Sarah Garver

Sarah Garver obtained her PhD in Sociology from The Ohio State University in 2017 and is currently a postdoctoral fellow with the TLT project at the University of Chicago. Her research is anchored in two areas: reproductive health and the (re)production of economic and social vulnerabilities. Over the course of her graduate studies, Sarah spent more than 15 months in Malawi taking part in all aspects of implementing an international research program, called UTHA , including working with in-country partners, designing and supervising longitudinal survey data collection, and conducting focus-groups and in-depth interviews with women and men. Her mixed methods analysis of the relationship between livelihood uncertainty and fertility preferences makes an important intervention to the literature on vulnerability by distinguishing between livelihood uncertainty and economic hardship. Further linking this distinction to its consequences for fertility (preferences and behavior), Sarah’s work finds that while uncertainty causes people to alter their preferences, a distinctive pattern of limiting is evident only among those who are both highly uncertain about their livelihood prospects and severely disadvantaged. As a postdoctoral fellow with TLT, Sarah is using these data to write about family processes, household structure, and relationship dynamics and is spearheading efforts to make these complex data both available and sensible to a wider community of scholars.

 

Nell Campernolle

Nell Compernolle is a Post doctoral research scholar at the University of Chicago. Her research focuses on the associations between migration, social change, gender, and family-related behaviors, particularly marriage and fertility. Her existing work examines these phenomena in Nepal, Michigan, and Lesotho, drawing on highly detailed longitudinal data and mixed methods data collected in multiple countries.
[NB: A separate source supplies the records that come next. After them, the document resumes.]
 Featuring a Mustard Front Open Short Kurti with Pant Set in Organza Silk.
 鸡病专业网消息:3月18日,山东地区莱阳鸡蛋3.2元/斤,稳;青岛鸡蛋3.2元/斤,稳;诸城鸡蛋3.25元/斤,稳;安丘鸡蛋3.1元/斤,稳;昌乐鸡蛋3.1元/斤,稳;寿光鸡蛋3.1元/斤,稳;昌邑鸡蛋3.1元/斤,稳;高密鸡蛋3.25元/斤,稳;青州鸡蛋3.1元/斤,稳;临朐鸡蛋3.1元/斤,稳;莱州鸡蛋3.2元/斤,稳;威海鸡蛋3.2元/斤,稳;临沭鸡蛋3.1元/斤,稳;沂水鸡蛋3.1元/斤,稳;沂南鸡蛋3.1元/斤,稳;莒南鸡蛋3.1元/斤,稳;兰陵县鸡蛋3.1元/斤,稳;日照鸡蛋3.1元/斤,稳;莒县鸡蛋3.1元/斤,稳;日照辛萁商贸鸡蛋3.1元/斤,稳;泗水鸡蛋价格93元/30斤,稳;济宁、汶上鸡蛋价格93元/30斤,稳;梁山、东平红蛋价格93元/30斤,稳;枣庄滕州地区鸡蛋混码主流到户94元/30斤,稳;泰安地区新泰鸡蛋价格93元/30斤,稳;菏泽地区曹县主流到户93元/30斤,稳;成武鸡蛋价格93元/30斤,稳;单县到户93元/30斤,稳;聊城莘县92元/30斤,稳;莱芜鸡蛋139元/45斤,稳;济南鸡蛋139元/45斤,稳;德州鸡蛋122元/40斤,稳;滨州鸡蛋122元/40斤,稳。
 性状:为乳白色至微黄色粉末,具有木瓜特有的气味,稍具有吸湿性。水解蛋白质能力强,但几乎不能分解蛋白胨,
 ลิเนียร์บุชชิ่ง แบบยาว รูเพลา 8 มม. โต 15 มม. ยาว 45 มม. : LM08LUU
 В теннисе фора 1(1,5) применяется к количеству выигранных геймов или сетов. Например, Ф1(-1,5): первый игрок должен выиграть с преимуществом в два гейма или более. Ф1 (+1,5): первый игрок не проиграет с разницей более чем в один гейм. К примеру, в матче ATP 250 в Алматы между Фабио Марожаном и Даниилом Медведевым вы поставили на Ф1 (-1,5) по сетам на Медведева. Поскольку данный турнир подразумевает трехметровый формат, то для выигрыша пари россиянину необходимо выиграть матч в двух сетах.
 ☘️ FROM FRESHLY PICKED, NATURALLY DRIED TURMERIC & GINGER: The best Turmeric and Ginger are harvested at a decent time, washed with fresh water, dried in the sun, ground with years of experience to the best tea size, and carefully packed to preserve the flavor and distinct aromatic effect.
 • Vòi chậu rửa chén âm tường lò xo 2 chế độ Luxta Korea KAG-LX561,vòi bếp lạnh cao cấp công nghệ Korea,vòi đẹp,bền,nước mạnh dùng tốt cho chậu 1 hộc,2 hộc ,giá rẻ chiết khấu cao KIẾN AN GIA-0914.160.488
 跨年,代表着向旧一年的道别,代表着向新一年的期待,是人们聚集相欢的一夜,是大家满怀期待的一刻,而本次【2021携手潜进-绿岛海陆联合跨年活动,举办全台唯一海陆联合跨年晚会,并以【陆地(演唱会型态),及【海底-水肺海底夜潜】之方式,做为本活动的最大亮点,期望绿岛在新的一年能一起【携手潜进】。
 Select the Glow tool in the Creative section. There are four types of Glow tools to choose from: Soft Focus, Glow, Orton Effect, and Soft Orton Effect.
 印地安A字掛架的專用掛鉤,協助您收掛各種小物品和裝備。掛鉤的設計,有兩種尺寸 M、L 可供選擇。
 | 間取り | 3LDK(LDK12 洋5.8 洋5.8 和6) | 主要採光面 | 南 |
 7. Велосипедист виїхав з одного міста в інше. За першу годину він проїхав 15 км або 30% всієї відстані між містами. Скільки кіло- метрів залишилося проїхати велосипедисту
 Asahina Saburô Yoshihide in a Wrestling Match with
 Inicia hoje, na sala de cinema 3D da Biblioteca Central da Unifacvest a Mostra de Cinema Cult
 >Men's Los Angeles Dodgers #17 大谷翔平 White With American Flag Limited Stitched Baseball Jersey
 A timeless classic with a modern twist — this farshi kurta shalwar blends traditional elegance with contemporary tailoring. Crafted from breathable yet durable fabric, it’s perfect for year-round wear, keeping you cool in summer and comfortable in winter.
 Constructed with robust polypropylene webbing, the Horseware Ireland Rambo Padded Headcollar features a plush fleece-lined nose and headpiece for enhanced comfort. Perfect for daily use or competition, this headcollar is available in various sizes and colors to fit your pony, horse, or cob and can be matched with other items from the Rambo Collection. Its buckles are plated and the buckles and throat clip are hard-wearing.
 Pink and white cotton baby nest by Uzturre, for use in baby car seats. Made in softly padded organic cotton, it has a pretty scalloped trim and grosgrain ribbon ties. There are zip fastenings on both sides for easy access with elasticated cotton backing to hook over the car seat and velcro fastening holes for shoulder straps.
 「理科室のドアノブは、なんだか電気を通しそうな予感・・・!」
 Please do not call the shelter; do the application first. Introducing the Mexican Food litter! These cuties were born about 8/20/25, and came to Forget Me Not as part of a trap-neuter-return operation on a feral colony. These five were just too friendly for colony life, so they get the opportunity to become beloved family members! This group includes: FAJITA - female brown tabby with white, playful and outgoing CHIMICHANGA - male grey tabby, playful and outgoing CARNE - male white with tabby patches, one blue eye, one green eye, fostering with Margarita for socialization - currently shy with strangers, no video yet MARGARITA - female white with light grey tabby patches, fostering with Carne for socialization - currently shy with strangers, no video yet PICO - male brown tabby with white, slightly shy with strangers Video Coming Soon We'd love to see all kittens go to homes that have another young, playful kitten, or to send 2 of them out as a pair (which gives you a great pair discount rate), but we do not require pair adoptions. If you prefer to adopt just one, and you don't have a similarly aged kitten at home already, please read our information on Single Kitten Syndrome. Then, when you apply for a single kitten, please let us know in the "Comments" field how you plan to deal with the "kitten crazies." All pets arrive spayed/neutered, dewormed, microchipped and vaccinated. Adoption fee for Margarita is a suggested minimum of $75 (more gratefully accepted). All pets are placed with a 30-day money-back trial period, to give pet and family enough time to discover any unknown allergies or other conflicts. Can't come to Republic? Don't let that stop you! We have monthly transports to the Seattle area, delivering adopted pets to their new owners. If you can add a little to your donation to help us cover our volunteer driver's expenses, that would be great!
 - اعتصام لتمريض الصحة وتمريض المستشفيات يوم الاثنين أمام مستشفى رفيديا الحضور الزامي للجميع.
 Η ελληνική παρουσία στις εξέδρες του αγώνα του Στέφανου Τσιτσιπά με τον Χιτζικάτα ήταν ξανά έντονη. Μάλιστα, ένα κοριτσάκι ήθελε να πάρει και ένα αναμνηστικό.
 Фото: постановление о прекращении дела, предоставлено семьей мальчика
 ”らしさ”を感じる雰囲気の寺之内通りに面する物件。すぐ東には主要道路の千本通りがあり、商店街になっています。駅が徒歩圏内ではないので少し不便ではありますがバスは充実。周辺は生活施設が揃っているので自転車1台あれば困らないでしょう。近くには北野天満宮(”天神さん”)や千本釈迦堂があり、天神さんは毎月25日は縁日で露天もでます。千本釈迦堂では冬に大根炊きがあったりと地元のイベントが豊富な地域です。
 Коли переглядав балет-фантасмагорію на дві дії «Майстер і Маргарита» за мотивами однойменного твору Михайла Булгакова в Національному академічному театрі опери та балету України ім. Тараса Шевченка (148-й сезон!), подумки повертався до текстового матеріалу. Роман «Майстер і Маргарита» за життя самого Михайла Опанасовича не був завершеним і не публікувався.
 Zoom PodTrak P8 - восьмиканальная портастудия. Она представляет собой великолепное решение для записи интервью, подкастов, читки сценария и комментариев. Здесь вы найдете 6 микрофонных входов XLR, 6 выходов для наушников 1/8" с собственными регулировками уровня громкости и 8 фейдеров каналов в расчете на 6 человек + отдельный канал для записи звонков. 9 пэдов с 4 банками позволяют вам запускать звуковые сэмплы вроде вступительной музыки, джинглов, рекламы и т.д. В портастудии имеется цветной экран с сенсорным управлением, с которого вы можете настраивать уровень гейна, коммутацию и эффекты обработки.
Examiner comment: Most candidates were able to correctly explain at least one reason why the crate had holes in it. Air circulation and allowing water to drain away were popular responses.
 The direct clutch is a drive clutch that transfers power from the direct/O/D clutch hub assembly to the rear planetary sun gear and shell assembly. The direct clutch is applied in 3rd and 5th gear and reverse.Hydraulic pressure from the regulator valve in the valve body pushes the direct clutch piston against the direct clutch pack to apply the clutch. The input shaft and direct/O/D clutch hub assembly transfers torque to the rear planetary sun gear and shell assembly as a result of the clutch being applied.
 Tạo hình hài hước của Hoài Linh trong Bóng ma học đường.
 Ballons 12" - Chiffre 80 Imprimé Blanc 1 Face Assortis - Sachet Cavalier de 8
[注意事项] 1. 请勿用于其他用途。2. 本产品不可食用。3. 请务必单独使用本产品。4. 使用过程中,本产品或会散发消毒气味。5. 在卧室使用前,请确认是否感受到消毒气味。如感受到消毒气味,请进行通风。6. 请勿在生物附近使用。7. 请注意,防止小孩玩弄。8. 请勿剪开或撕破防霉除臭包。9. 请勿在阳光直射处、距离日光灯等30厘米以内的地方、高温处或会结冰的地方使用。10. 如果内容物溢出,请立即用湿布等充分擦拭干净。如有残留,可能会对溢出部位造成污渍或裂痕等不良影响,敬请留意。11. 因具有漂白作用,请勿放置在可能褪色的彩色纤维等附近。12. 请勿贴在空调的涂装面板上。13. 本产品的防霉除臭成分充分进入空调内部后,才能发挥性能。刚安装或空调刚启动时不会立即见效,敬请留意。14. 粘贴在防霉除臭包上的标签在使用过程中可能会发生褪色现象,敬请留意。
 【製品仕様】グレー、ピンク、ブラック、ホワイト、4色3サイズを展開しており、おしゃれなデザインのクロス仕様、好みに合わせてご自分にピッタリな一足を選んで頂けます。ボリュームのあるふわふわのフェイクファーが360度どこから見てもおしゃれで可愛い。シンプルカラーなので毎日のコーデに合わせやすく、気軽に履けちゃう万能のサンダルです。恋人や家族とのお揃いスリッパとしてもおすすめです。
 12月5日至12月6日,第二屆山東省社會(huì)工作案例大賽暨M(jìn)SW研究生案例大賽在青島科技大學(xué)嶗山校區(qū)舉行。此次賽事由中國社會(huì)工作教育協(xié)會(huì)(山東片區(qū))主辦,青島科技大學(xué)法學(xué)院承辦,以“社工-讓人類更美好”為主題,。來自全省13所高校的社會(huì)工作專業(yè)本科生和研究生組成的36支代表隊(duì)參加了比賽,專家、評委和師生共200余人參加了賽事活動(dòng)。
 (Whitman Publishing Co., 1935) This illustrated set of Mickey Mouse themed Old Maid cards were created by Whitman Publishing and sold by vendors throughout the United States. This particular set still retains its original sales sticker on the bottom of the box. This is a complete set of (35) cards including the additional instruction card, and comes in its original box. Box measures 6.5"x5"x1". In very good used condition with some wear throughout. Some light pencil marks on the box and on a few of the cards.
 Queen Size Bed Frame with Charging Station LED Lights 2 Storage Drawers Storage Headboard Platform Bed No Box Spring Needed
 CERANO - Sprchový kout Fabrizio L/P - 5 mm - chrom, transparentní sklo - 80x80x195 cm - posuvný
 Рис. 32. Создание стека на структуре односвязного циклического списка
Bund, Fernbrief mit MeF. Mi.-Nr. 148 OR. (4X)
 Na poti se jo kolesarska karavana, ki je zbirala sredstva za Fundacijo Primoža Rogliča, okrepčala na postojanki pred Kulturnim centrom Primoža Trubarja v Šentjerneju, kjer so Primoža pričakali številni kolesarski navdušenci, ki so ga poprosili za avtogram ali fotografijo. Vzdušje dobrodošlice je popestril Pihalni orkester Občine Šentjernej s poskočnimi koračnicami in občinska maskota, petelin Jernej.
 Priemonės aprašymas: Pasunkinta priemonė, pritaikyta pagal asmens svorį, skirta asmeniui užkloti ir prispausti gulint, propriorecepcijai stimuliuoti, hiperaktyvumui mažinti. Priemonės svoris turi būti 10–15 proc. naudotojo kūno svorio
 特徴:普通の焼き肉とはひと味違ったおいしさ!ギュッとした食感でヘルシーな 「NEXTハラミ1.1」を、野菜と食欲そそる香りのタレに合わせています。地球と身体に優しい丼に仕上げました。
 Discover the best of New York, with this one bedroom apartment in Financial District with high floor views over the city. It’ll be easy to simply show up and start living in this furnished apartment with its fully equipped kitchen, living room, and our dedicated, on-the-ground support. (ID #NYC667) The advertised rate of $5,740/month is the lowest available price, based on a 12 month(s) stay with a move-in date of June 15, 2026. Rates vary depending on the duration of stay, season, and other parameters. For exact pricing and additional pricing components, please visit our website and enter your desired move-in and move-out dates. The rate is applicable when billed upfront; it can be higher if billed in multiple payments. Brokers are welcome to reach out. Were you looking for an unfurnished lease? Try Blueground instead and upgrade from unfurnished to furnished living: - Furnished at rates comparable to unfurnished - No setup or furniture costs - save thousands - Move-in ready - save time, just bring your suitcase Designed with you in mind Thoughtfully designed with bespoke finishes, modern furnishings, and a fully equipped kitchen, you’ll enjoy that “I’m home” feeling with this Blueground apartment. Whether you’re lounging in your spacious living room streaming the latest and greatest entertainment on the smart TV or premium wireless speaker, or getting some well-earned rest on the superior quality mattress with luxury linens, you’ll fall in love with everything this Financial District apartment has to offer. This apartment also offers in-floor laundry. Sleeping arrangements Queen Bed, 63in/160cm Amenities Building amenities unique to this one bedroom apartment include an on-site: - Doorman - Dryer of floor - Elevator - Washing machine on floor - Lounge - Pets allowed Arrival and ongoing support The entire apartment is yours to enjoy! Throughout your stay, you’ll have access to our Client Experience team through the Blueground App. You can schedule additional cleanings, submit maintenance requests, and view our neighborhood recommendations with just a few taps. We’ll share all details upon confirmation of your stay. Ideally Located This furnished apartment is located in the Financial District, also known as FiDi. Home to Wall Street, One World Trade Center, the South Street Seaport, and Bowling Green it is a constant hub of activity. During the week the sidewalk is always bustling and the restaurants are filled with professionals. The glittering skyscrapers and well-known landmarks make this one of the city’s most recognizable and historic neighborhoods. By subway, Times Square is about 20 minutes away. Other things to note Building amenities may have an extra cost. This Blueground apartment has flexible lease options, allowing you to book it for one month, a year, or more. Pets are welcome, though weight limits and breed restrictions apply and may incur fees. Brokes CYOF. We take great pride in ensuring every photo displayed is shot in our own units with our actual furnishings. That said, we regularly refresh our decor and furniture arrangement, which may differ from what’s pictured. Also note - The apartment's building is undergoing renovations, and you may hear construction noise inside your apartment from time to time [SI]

She is thrilled to be a part of the TLT team at Chicago, where she plans to connect her doctoral work and explore related questions in Malawi. She is particularly interested in relationship quality, fertility preferences, and contraceptive trajectories (Nepal and Malawi); pregnancy ambivalence (US and Malawi); and the (potential) disjuncture between expected and realized relationship quality, and how this relates to young women’s well-being.

Johanna Oh

Johanna is a Ph.D. student in sociology at the University of Chicago. Her research interests broadly lie in social demography in sub-Saharan Africa. She is especially interested in the burden of disease – the effect of HIV/AIDS epidemics and other latent health issues on labor market outcome, family composition, and other aspects of people’s everyday life. Through TLT, she seeks to understand young people’s strategies to cope with demographic changes marked by diseases and disadvantages. Prior to joining TLT, she has worked as a field researcher in Ethiopia, conducting research in public health, nutrition, and labor economics. 

Claudia Mastrogiaccomo

Claudia is recent graduate from the University of Chicago. She completed her BS in statistics in March 2018. She has been with TLT since March 2017. She hopes to pursue a career in global health research.

Stephanie Chamberlin

Stephanie Chamberlin is a PhD student in Health and Behavioral Sciences at the University of Colorado Denver.  Her research focuses on the intersection of education and family health, primarily in sub-Saharan Africa and Latin America. Stephanie’s current work explores: a. strategies that families in low resource settings use to manage their health care; and b. how literacy, numeracy, and years of education differentially influence health. Her background and interests in HIV and reproductive health naturally align with the Tsogolo la Thanzi (TLT) project. In addition to her work with TLT, she has worked on HIV and maternal health programs with Partners in Hope in Malawi, the Clinton Health Access Initiative in Lesotho, the New York City Department of Health and Mental Hygiene, and the International Planned Parenthood Federation-Western Hemisphere Region. Stephanie received Master of International Affairs and Master of Public Health degrees from Columbia University.